SUPPLIED ENTRIES →
----------------------------------------

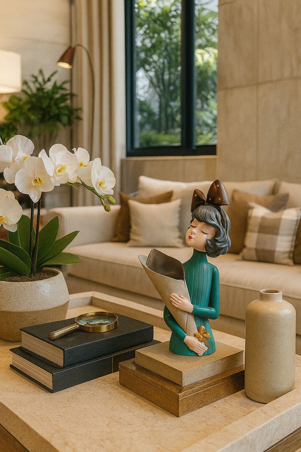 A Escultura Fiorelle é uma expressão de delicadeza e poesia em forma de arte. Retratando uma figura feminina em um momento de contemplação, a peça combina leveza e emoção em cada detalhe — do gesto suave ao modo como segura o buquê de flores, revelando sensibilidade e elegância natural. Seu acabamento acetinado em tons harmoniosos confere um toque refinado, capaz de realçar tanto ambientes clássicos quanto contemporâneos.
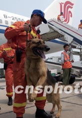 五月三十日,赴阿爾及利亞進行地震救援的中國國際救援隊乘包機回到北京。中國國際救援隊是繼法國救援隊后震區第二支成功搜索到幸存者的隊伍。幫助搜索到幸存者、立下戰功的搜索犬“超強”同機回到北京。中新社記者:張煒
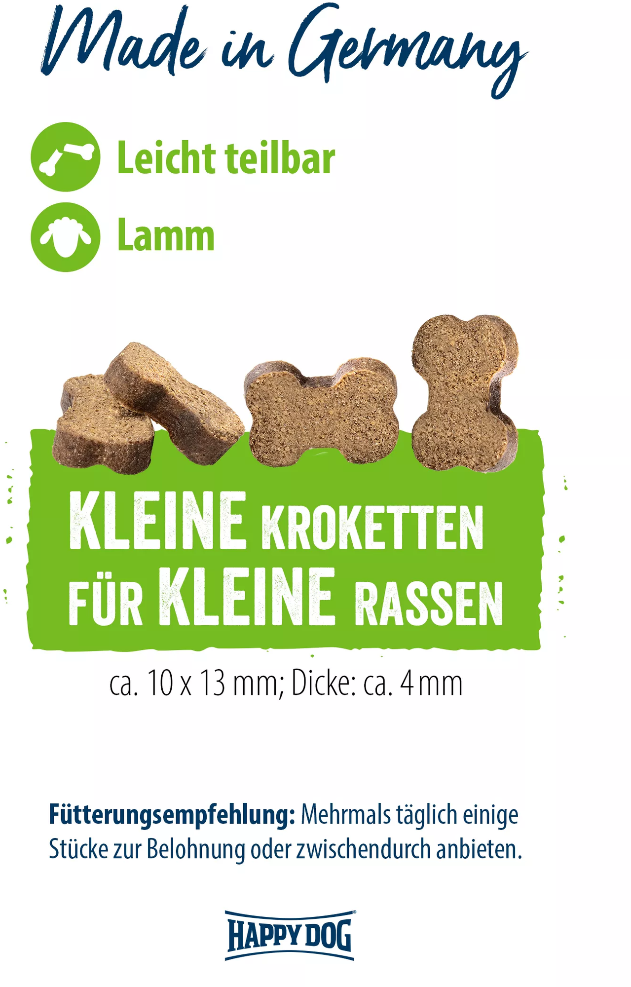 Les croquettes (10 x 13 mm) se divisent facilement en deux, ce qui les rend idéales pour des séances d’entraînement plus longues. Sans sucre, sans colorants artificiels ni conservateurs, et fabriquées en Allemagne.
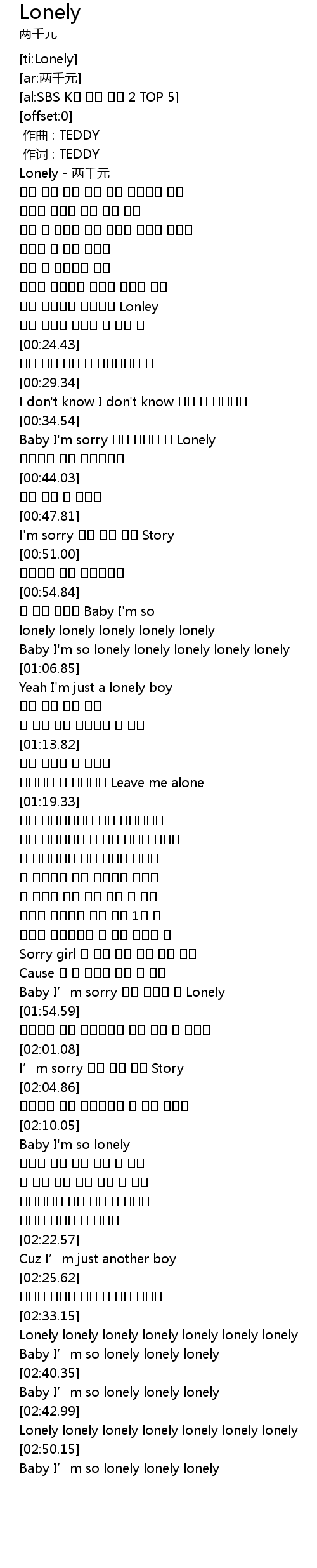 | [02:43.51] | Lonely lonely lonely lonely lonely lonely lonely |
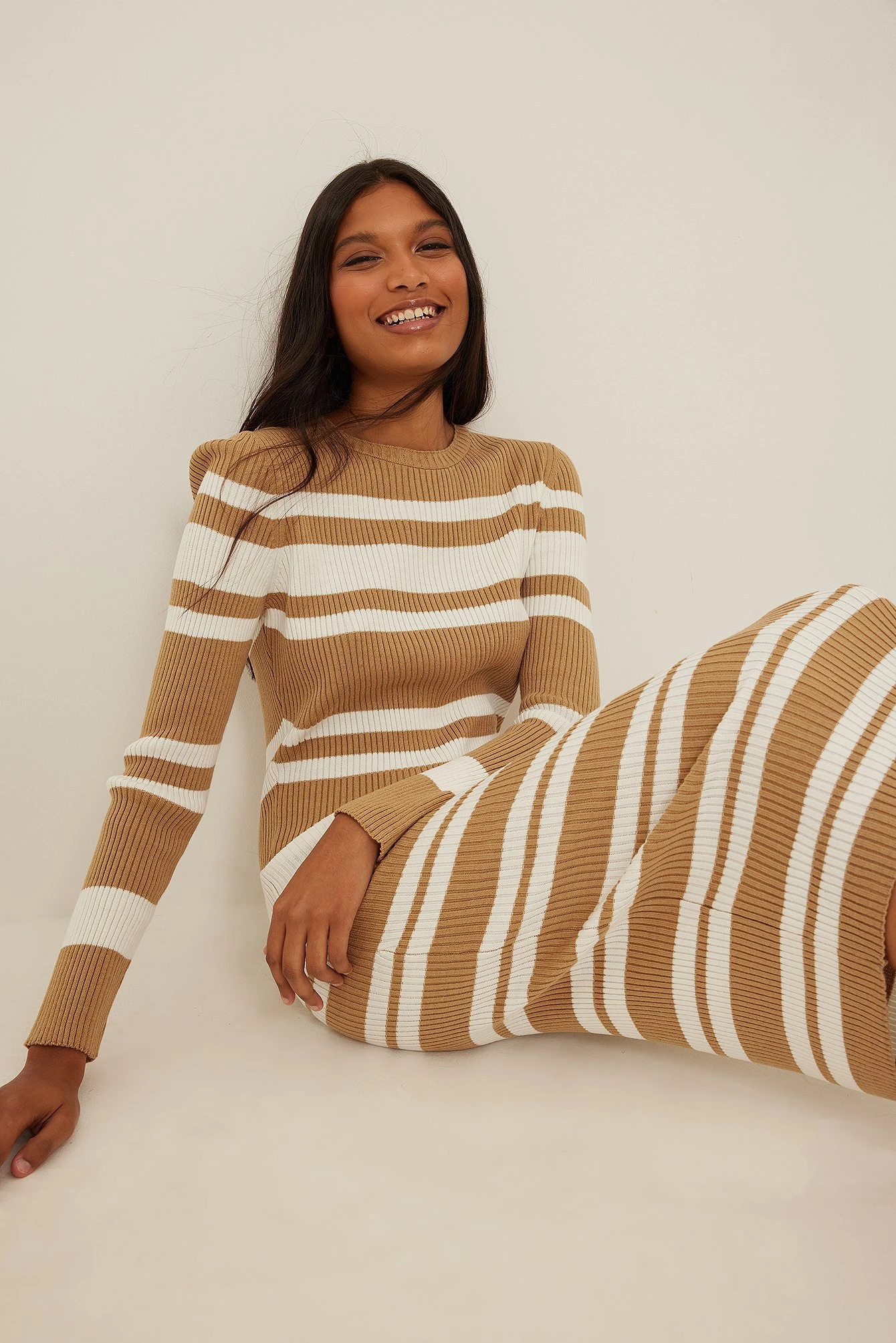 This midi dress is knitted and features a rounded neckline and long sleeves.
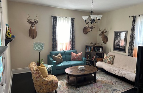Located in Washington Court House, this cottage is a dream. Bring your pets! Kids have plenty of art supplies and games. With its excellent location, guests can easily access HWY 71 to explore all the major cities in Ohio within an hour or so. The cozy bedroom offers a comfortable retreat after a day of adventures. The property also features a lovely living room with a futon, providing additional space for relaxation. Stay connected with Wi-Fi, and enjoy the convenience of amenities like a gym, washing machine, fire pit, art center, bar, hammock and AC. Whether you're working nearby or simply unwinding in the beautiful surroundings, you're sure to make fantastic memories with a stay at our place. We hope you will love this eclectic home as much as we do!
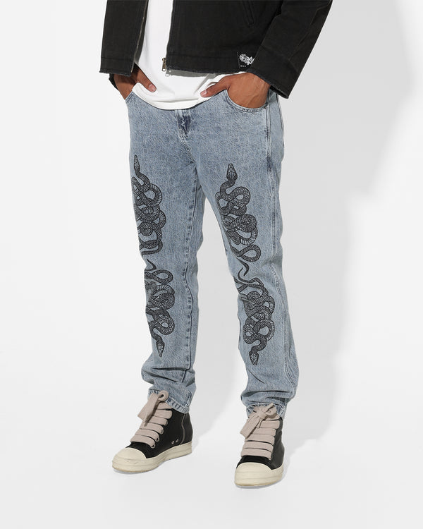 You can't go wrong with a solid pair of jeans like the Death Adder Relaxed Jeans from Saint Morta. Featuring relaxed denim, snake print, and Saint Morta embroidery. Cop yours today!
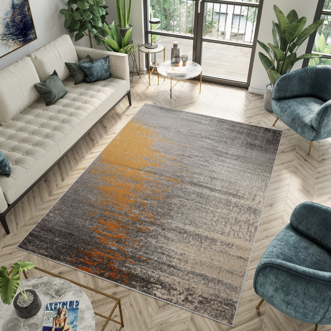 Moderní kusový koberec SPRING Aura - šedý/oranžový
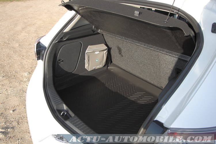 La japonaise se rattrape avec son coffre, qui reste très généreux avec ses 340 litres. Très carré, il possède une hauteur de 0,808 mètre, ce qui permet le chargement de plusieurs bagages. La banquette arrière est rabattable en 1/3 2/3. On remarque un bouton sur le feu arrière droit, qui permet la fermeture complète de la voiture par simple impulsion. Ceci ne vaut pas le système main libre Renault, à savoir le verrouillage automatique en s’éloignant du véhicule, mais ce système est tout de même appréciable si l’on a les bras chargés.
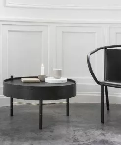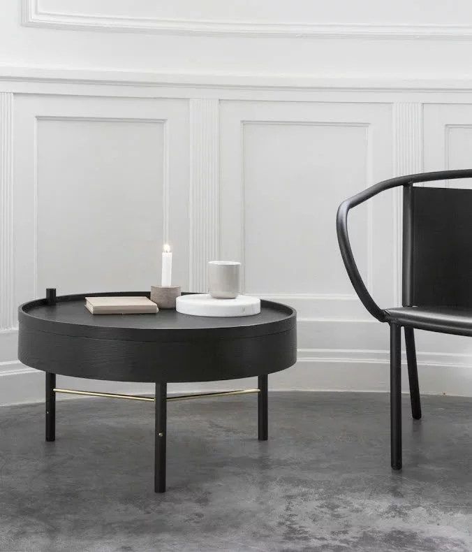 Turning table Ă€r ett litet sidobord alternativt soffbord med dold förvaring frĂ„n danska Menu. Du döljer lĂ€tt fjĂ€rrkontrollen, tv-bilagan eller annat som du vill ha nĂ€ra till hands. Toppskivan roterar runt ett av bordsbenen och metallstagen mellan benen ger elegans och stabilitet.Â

----------------------------------------

WORK INSTRUCTION → Pictures stay out. Print the lines of the records above exactly, from the first through the one with "This midi dress".

TASK ANSWER →
 A Escultura Fiorelle é uma expressão de delicadeza e poesia em forma de arte. Retratando uma figura feminina em um momento de contemplação, a peça combina leveza e emoção em cada detalhe — do gesto suave ao modo como segura o buquê de flores, revelando sensibilidade e elegância natural. Seu acabamento acetinado em tons harmoniosos confere um toque refinado, capaz de realçar tanto ambientes clássicos quanto contemporâneos.
 五月三十日,赴阿爾及利亞進行地震救援的中國國際救援隊乘包機回到北京。中國國際救援隊是繼法國救援隊后震區第二支成功搜索到幸存者的隊伍。幫助搜索到幸存者、立下戰功的搜索犬“超強”同機回到北京。中新社記者:張煒
 Les croquettes (10 x 13 mm) se divisent facilement en deux, ce qui les rend idéales pour des séances d’entraînement plus longues. Sans sucre, sans colorants artificiels ni conservateurs, et fabriquées en Allemagne.
 | [02:43.51] | Lonely lonely lonely lonely lonely lonely lonely |
 This midi dress is knitted and features a rounded neckline and long sleeves.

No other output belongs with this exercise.